(Beginning of INFORMATION SUPPLIED)

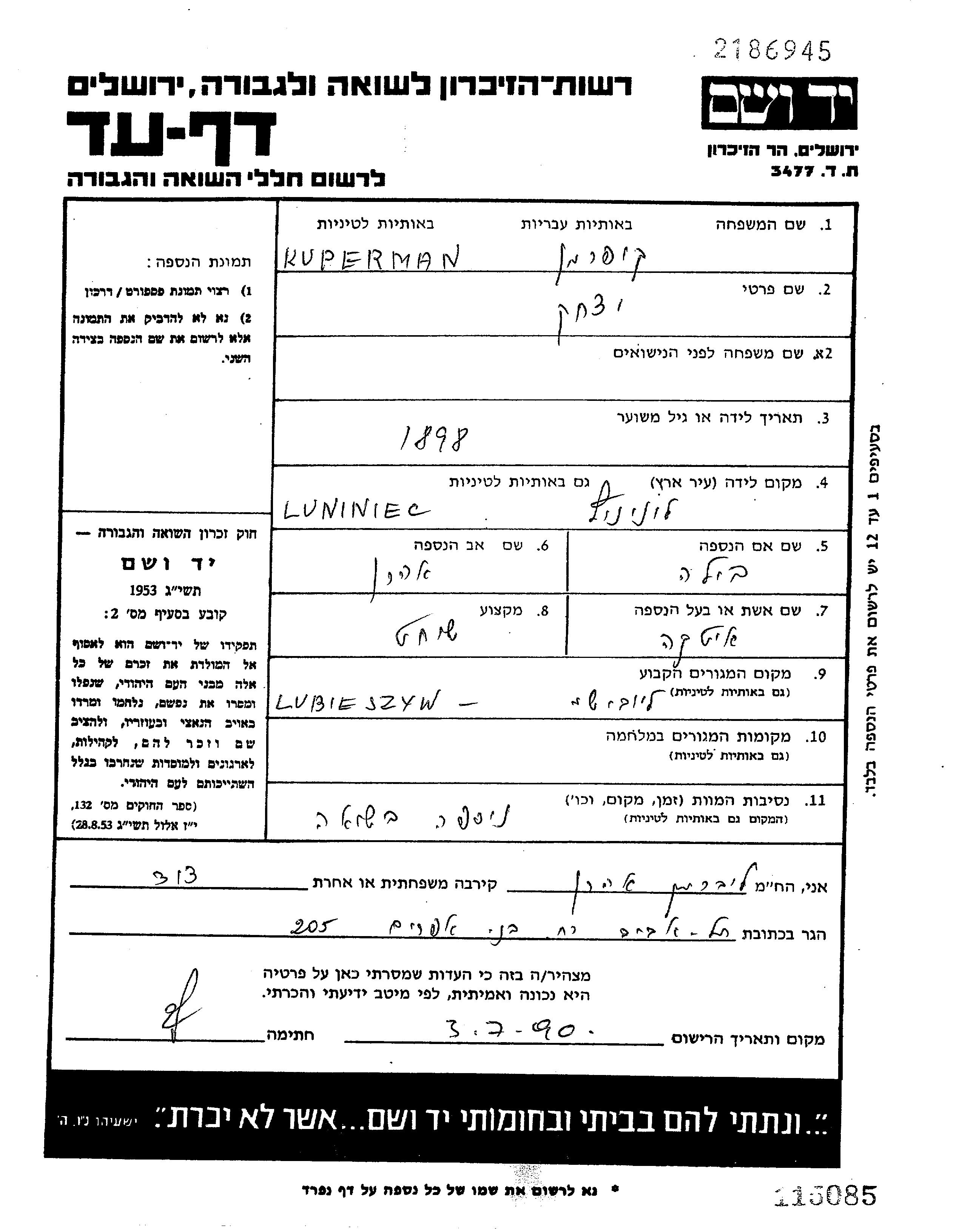 Yitzkhak Kuperman wurde im Jahr 1898 in Luniniec, Polen geboren. Er war Schächter. Vor dem Zweiten Weltkrieg lebte er in Lubieszów, Polen.
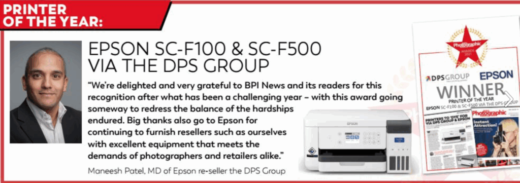 We recently featured as ‘Printer Of The Year’ for Epsons new dye sublimation printer the SC-F100 and the established SC-F500. These two fantastic Epson printers
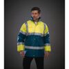 Casaco impermeável corta-vento. Excelente visibilidade para segurança. Bolso para telemóvel e walkie-talkie. 100% poliéster. Blusão impermeável e corta-vento com cores em contraste para maior visibilidade e segurança. Ideal para o pessoal que trabalha nos campos do futebol, para organizadores de eventos, para os assistentes de estacionamento, para os agentes de segurança, pessoal paramédico, etc. Tecido exterior em poliéster Oxford com revestimento em PU e interior acolchoado. Bolso para telemóvel e walkie-talkie. Dois bolsos na frente e um bolso interior de segurança. Em conformidade com a norma EN ISO20471:2013 de categoria 1.
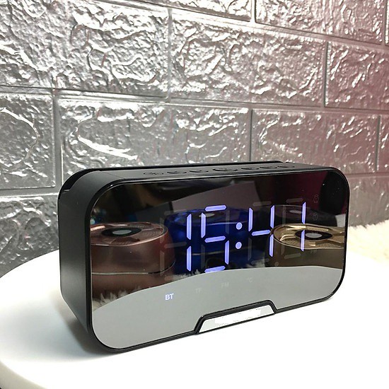 - Không đơn thuần là thiết bị dùng để nghe nhạc được thiết kế nhỏ gọn, dòng sản phẩm loa blutooth này còn được tích hợp thêm nhiều tính năng vô cùng thuận lợi như đồng hồ báo thức, nhiệt độ theo độ C. Cùng với đó, bạn cũng có thể dùng loa để làm gương soi khi cần thiết.

(End of INFORMATION SUPPLIED)

■ **TO DO**
Quote exactly the lines from the one that contains "Casaco impermeável corta-vento." through the end of the listing above, both ends included, leaving out the pictures.

■ **ANSWER SPACE**
 Casaco impermeável corta-vento. Excelente visibilidade para segurança. Bolso para telemóvel e walkie-talkie. 100% poliéster. Blusão impermeável e corta-vento com cores em contraste para maior visibilidade e segurança. Ideal para o pessoal que trabalha nos campos do futebol, para organizadores de eventos, para os assistentes de estacionamento, para os agentes de segurança, pessoal paramédico, etc. Tecido exterior em poliéster Oxford com revestimento em PU e interior acolchoado. Bolso para telemóvel e walkie-talkie. Dois bolsos na frente e um bolso interior de segurança. Em conformidade com a norma EN ISO20471:2013 de categoria 1.
 - Không đơn thuần là thiết bị dùng để nghe nhạc được thiết kế nhỏ gọn, dòng sản phẩm loa blutooth này còn được tích hợp thêm nhiều tính năng vô cùng thuận lợi như đồng hồ báo thức, nhiệt độ theo độ C. Cùng với đó, bạn cũng có thể dùng loa để làm gương soi khi cần thiết.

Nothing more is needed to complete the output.